I have this to tell the civil servants and ministers: create more jobs, keep prices steady and try to move singapore upwards a little more in the Happy Nation Index. And stop complaining about how you cannot cope with rising oil prices, globalization, terrorism – you need to think really hard and come out with solutions.

And you do really need to worry about losing confidence because you are already there: through non-performance.

I am a Singaporean, who now understand the separation of State and Government, and who knows government must be managed and can indeed be changed (as opposed to some misguided musings).

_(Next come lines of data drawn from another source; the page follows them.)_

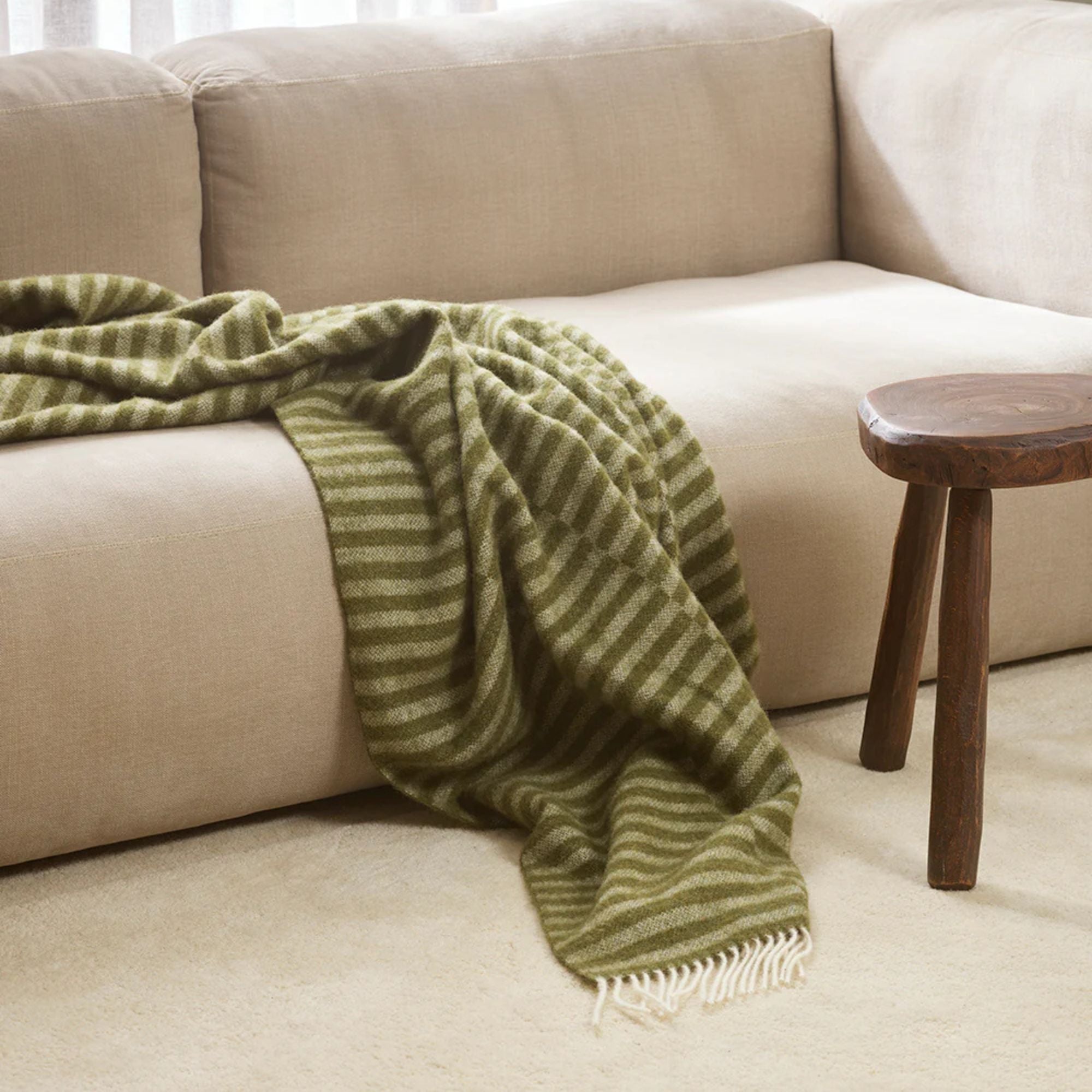 Featuring an offset linear design in olive tones, the Noah throw adds a captivating sense of fun to contemporary spaces. Woven from soft New Zealand wool, the cosy throw is the perfect blend of comfort and style.
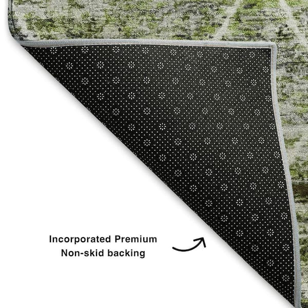 Mayfield Premium Machine Washable Abstract AMF1724 Olive 8 ft. x 8 ft. Round Rug
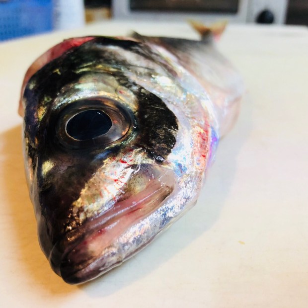 お店の方へ行きまして、準備進めまして、豊洲市場より 到着しました、三重県産 活〆釣り真鯵!
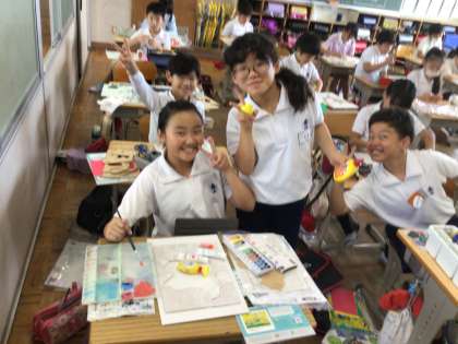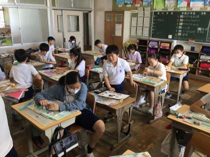 5年生は、図画工作科の授業で、「切り分けた形で◯◯を造る」学習を行いました。「ビー玉を転がすコースを作りました。このゲームは意外に難しいです」「野菜をテーマに、レタスやゴボウなどを作りました。本物に似ている色にするのが難しかったです」「スパッタリングで模様を付けるのが楽しかった」などの感想をもちました。

I am a Singaporean, and I want a democratic society based on justice and equality. And I believe we will slowly but surely dismantle the obstructions accumulated from years of apathy.

So say we all.

2 comments:

Alan Wong said...

One lackey Minister even had the guts to say that they are deaf to all criticisms.

What the fuck are our PAP leaders including LKY doing nowadays ? Do they have any concience left ?

Chee Wai Lee said...

Thanks Kaffeine! Your post made me go all the way back to my first blog entry to reminisce about the inspiration for me starting my blog. That was MrBrown's call for people to write an entry "I am Singaporean".

I did not complete that task, but it sure started me blogging. This old article really does remind me a lot about how I feel even if my circumstance is very different from his.